Are you believing any of this? Are you surprised that Ishbel never does marry the other man, and is ready to move in and marry Jaffy as soon as he’s ready to accept that she doesn’t hate him? (Birch keeps quiet about how many years it’s taken for Jaffy to set himself up like this.) Are you drawing any meaningful conclusions about what Birch might be telling us about caged and uncaged spirits, as Jaffy finally gives up the sea to please Ishbel, but never stops thinking about its allure?
I suppose Carol Birch knew where she was going to take this novel when she started writing it – I can’t see her just, well, letting it write itself.
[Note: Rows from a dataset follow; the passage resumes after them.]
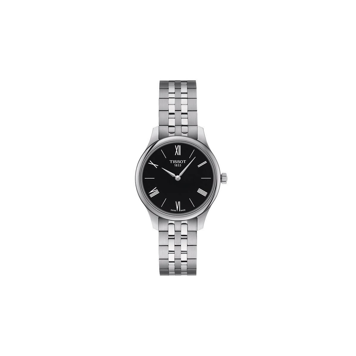 Orologio Femminile Tradition 5.5 Tissot, della collezione T-Classic, con funzione di solo tempo e movimento svizzero, al quarzo, realizzato in acciaio inossidabile 316L, con cassa del diametro di 31mm e vetro zaffiro ed antigraffio che protegge il quadrante di colore nero con indici romani e lancette argentate. Lo spessore sottile di 5,5mm amplifica la purezza e sottolinea l'eleganza del Tissot.
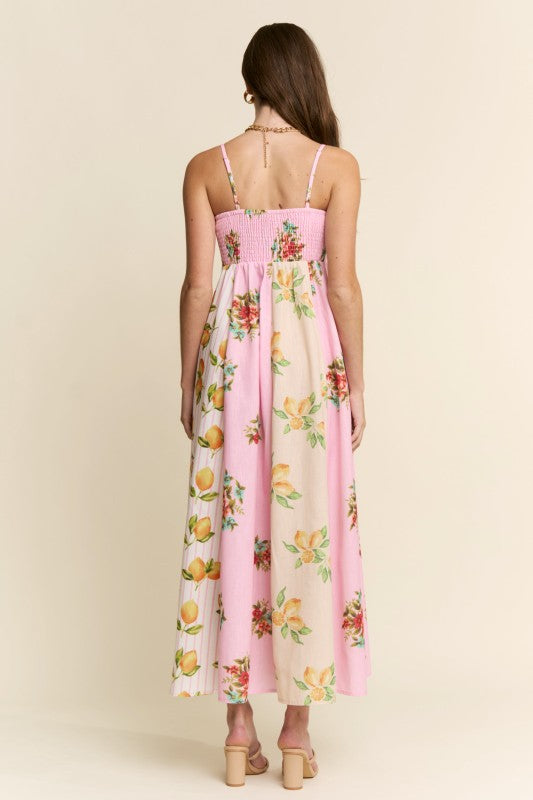 FRUIT AND FLORAL PRINT MAXI DRESS. FUNCTIONAL POCKETS.
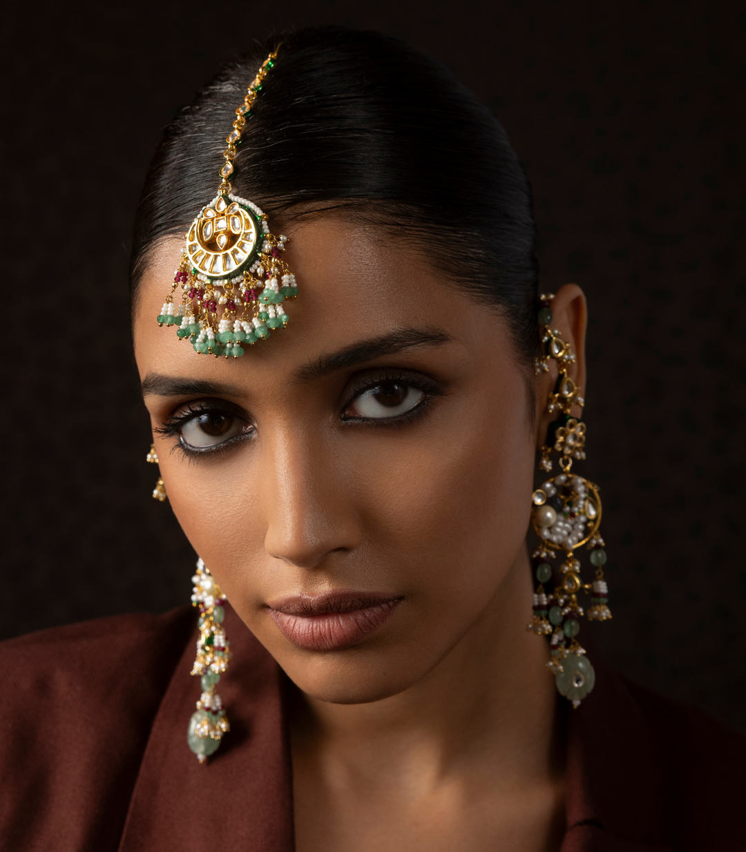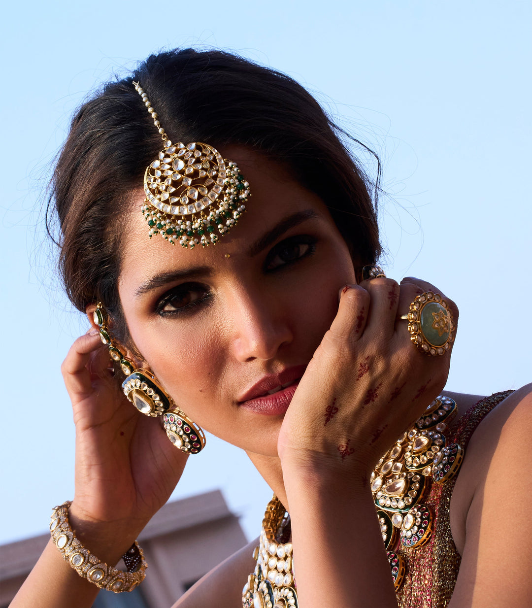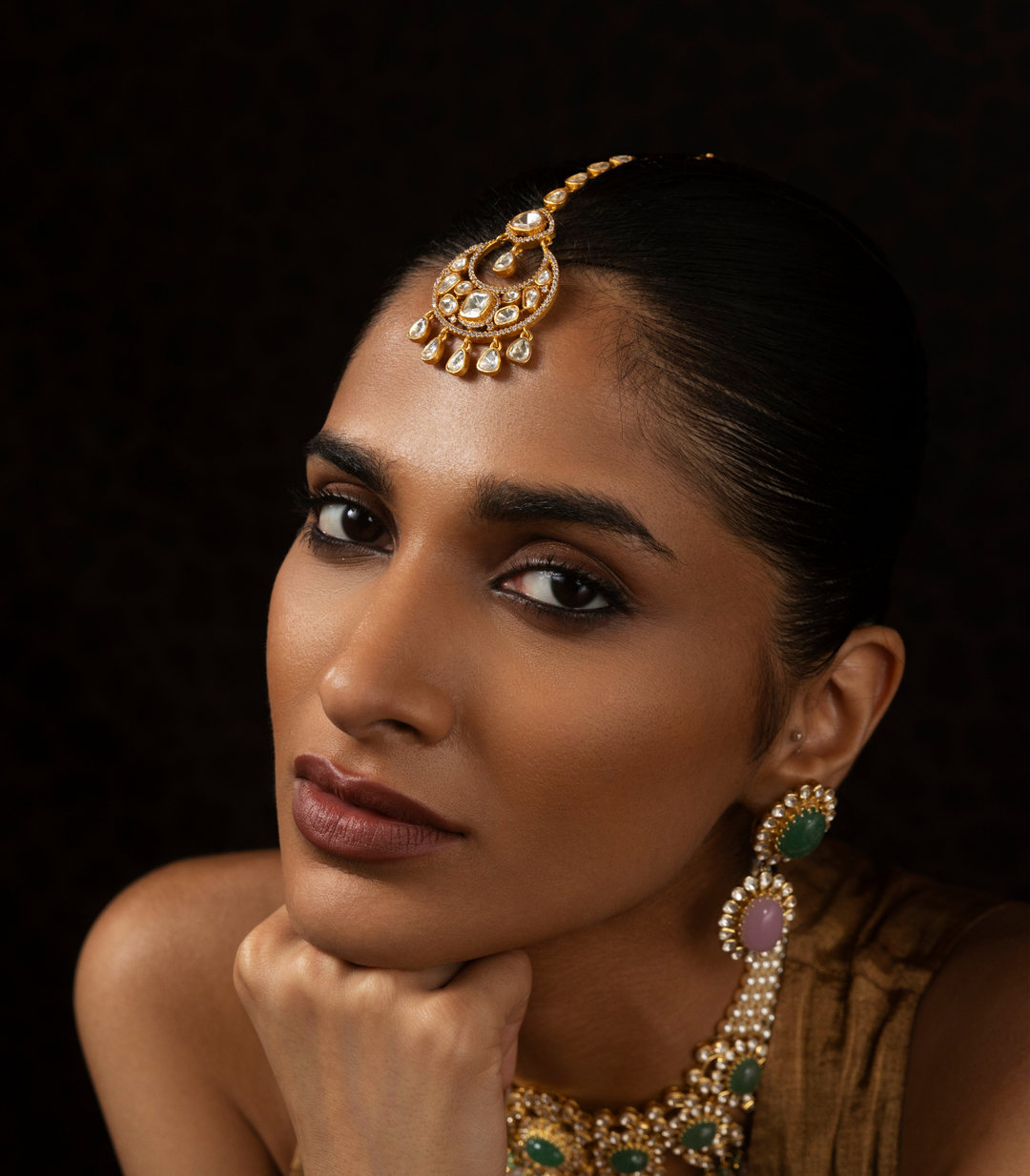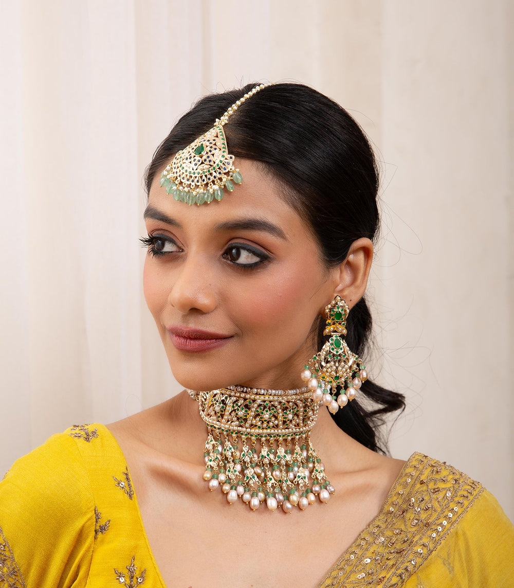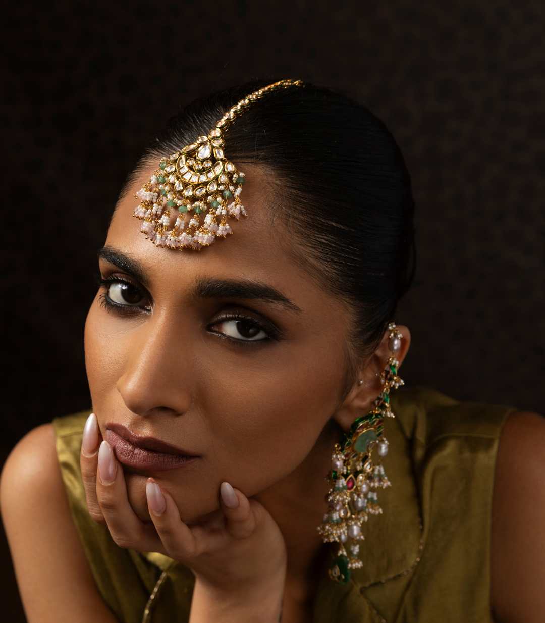 AAWANYA GREEN KUNDAN TIKA WITH GREEN ONYX DROPS
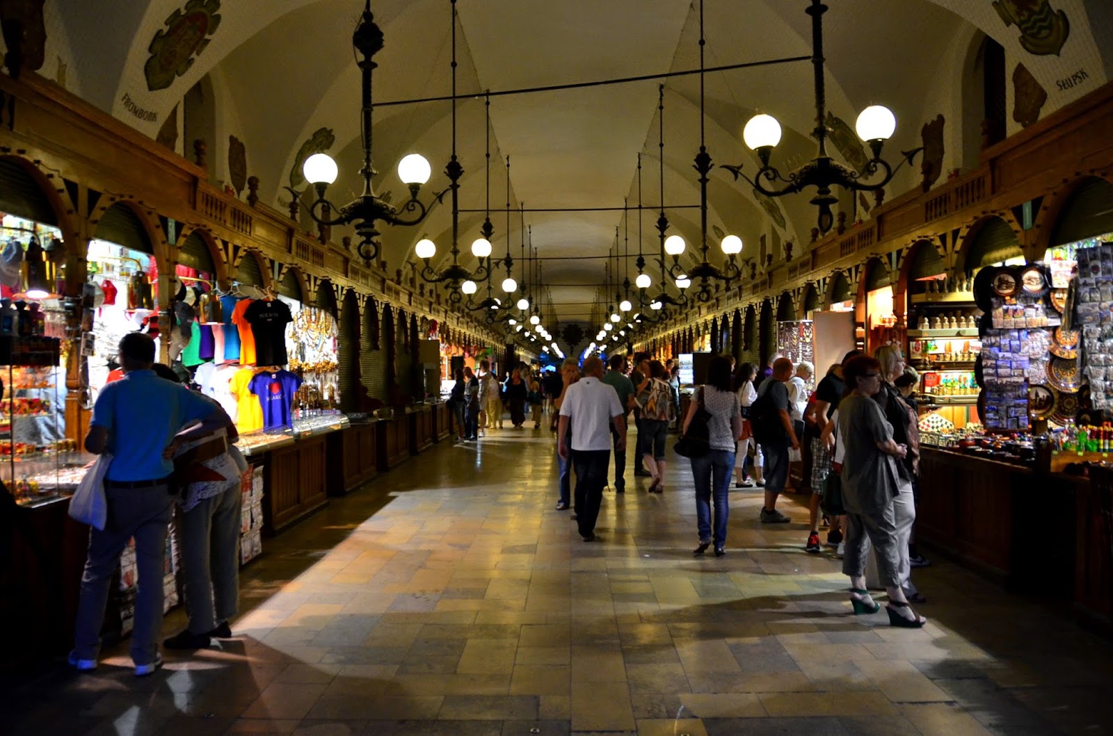 紡織會館裡的長廊,一旁都是賣紀念品的店。
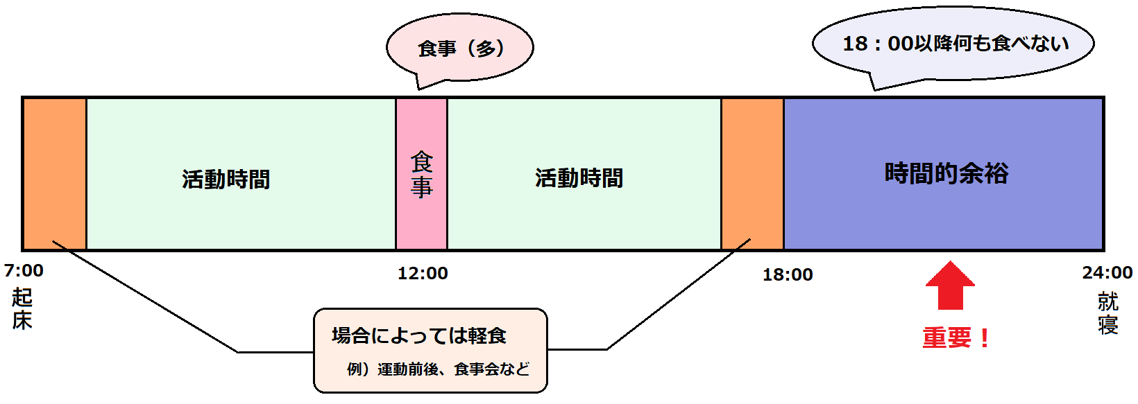 最初に見ていただいた、このグラフ↓を見ていただけると分かりますが、昼食しかとらないとなると、仕事や学校から帰宅して寝るまでの間かなりの余裕が生まれます。
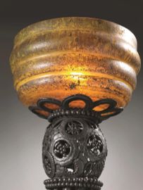 struttura in ferro battuto e paralume in vetro
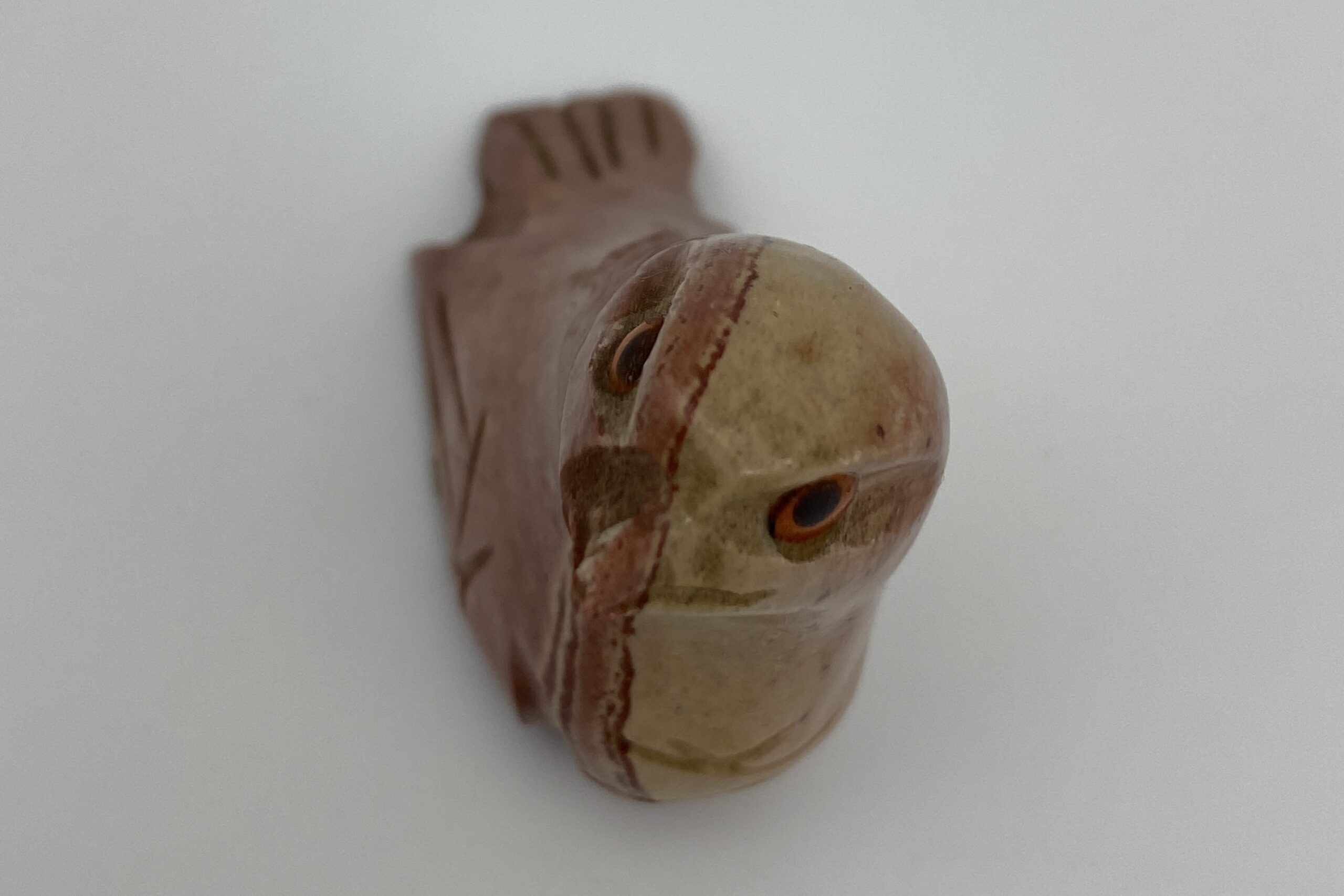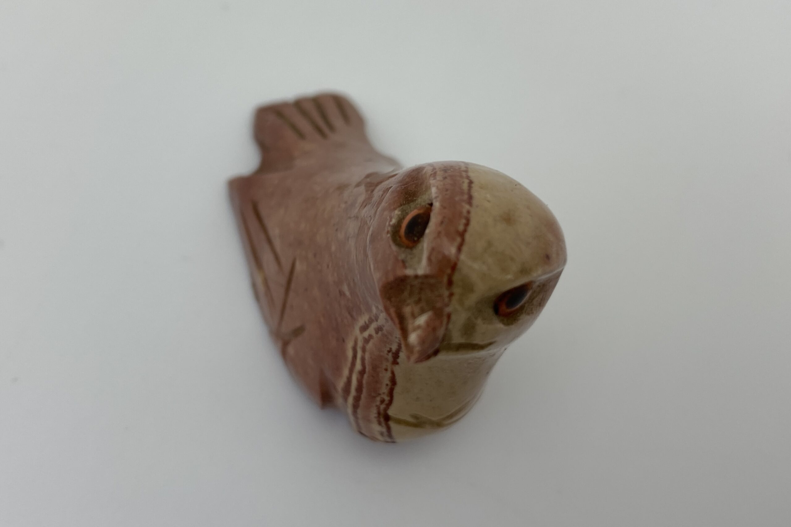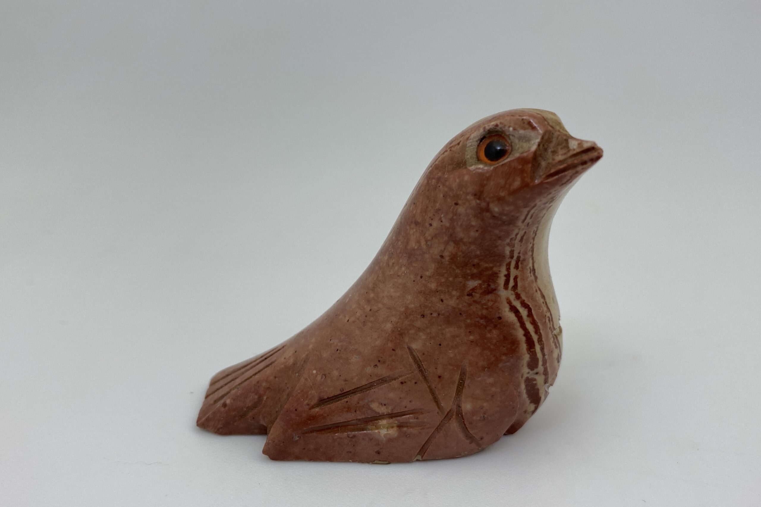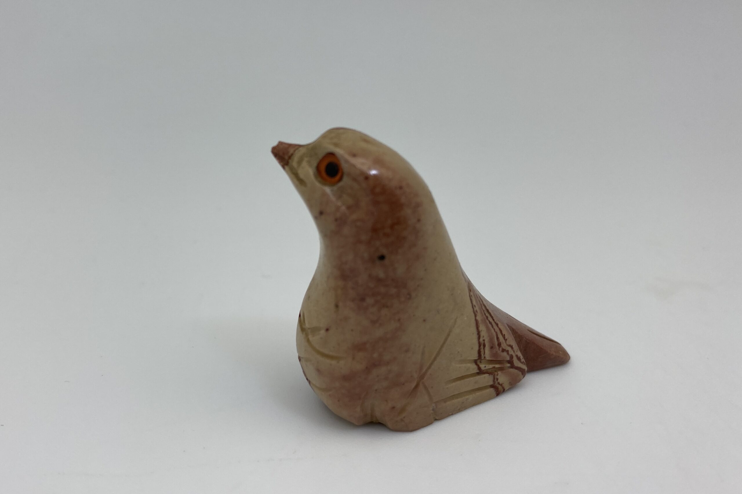 Překrásná soška ptáčka vyřezaná z mastku, o výšce 4 cm, délce 5 cm, šířce 2 cm a váze 37 g.

I guess the apparent purposelessness of the voyage, the dead ends and ultimate return to the beginning were all part of a plan. I might be wrong, and maybe she hadn’t really foreseen that something like a third of it would consist entirely of a shipwreck and its grisly aftermath. Maybe the titular Jamrach was originally going to make more than the occasional cameo appearance once Jaffy gets to sea – unless the human zoo we’ve had to study in Part 2 is the real menagerie of the title.
Either way, it never really works for me.